Requirement :: Within the records that follow, restate exactly the lines from the line with "图 4-12 项目 D 区南侧地面停车场现状照片" down to the line with "2016年3月26—27日，", including both. Omit the pictures.

Material supplied ::
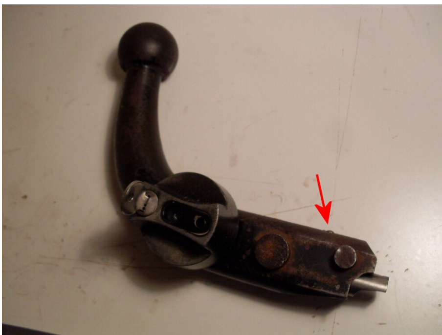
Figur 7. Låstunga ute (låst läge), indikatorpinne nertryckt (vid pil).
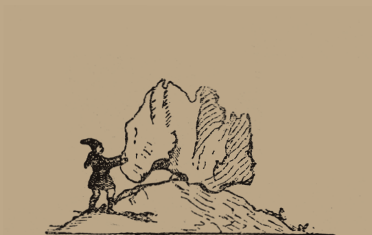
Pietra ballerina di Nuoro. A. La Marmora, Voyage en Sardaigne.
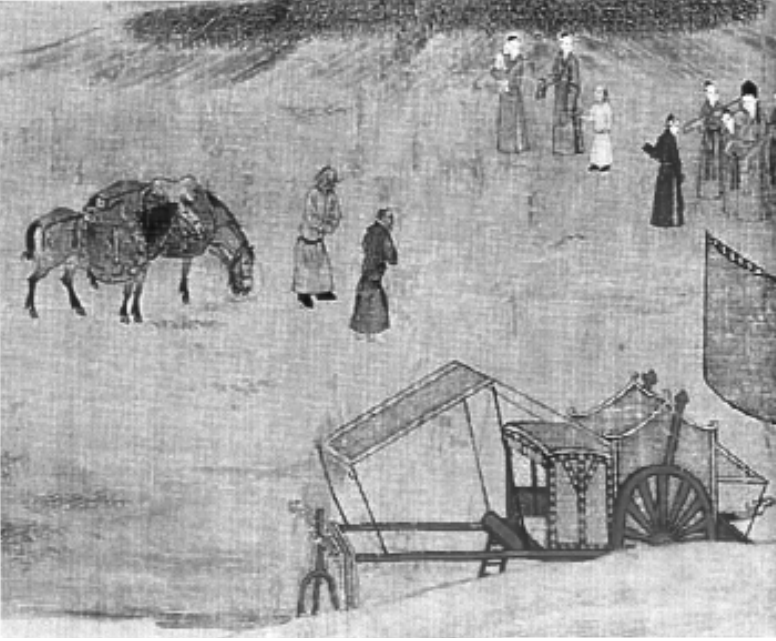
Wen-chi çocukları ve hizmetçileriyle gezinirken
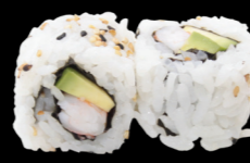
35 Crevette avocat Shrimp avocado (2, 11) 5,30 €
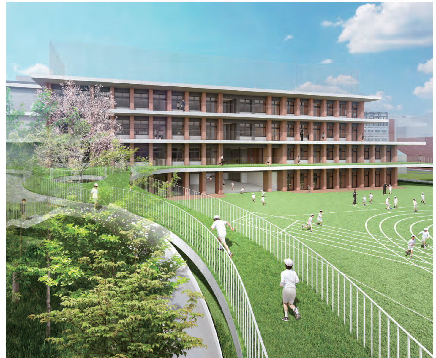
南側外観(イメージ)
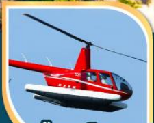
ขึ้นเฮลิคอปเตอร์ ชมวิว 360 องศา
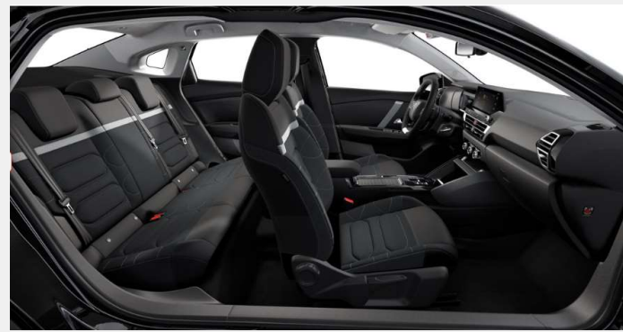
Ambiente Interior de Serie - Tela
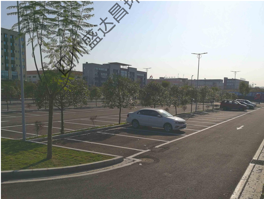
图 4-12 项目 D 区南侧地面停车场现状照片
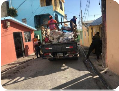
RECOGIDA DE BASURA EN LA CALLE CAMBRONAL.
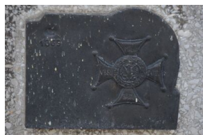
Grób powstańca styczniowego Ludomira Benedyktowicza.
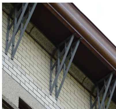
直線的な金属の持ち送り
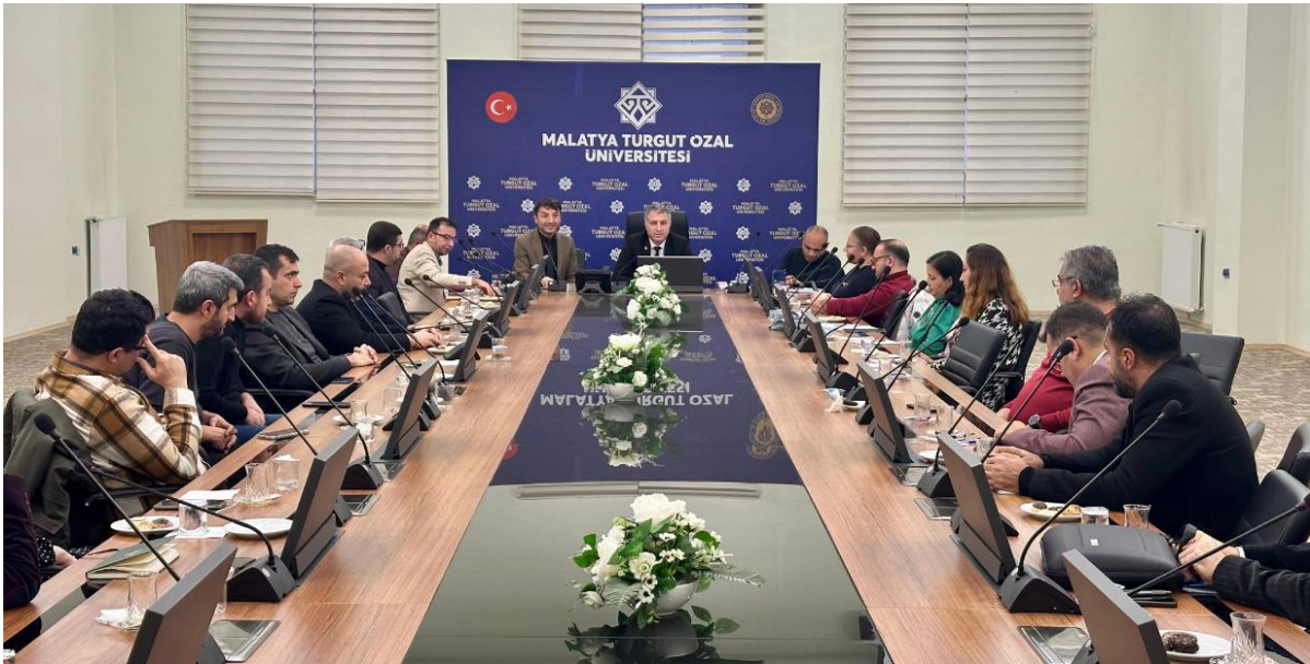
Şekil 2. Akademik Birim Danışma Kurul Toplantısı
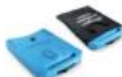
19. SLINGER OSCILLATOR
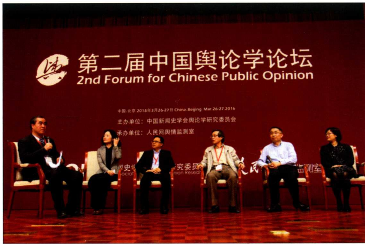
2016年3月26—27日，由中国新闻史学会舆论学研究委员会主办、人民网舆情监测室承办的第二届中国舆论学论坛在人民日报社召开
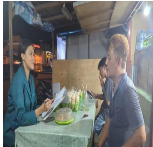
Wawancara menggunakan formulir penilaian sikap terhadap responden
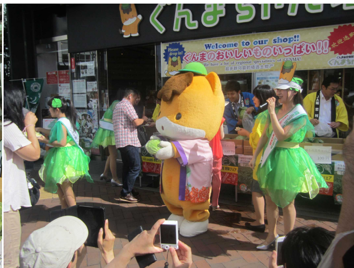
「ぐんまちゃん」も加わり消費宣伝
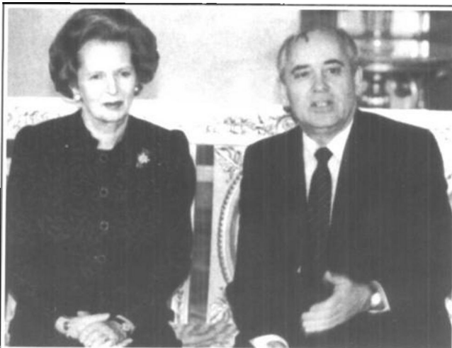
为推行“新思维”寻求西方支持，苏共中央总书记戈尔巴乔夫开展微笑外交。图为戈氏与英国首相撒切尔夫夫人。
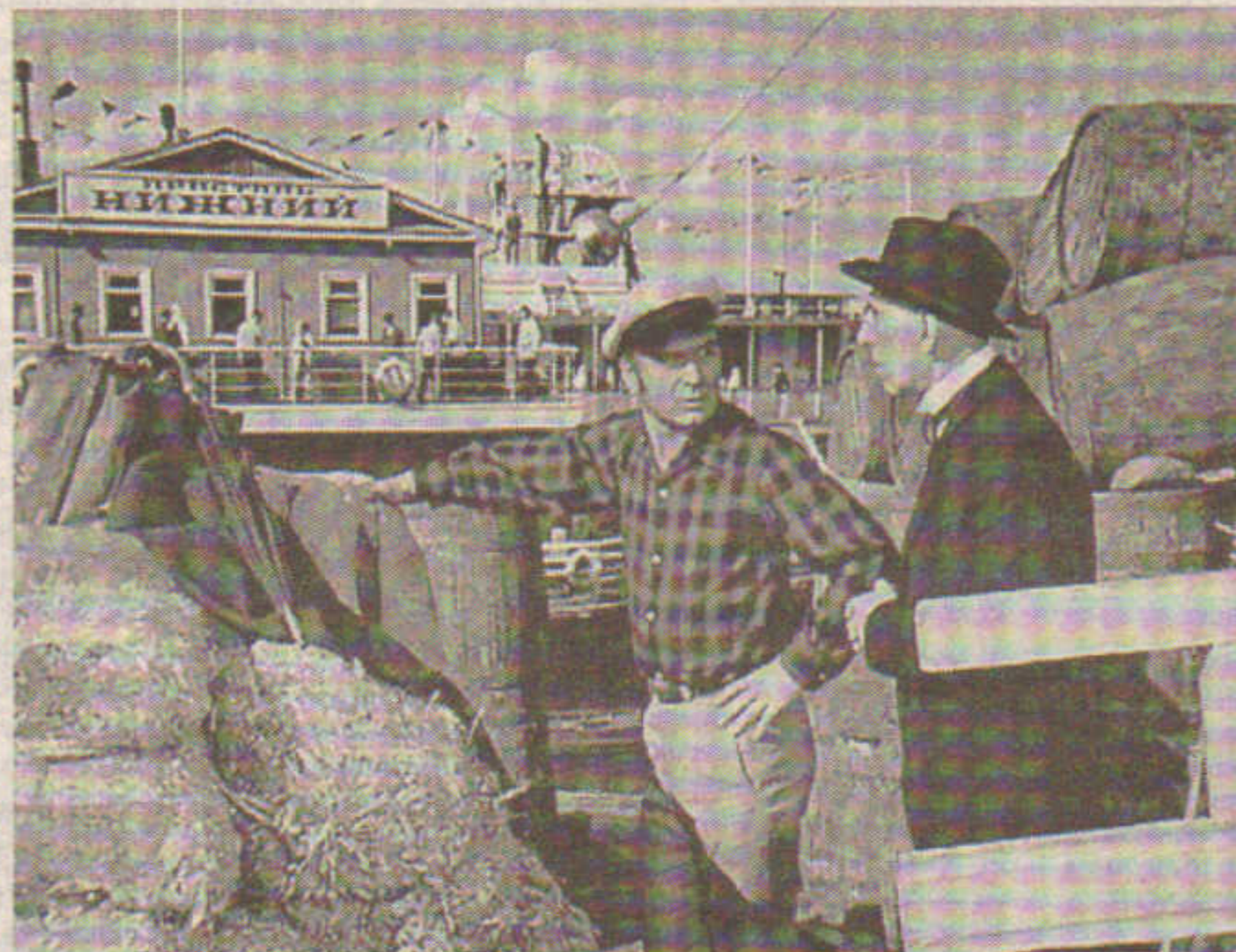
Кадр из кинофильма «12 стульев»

Response to the exercise ::
图 4-12 项目 D 区南侧地面停车场现状照片
RECOGIDA DE BASURA EN LA CALLE CAMBRONAL.
Grób powstańca styczniowego Ludomira Benedyktowicza.
直線的な金属の持ち送り
Şekil 2. Akademik Birim Danışma Kurul Toplantısı
19. SLINGER OSCILLATOR
2016年3月26—27日，由中国新闻史学会舆论学研究委员会主办、人民网舆情监测室承办的第二届中国舆论学论坛在人民日报社召开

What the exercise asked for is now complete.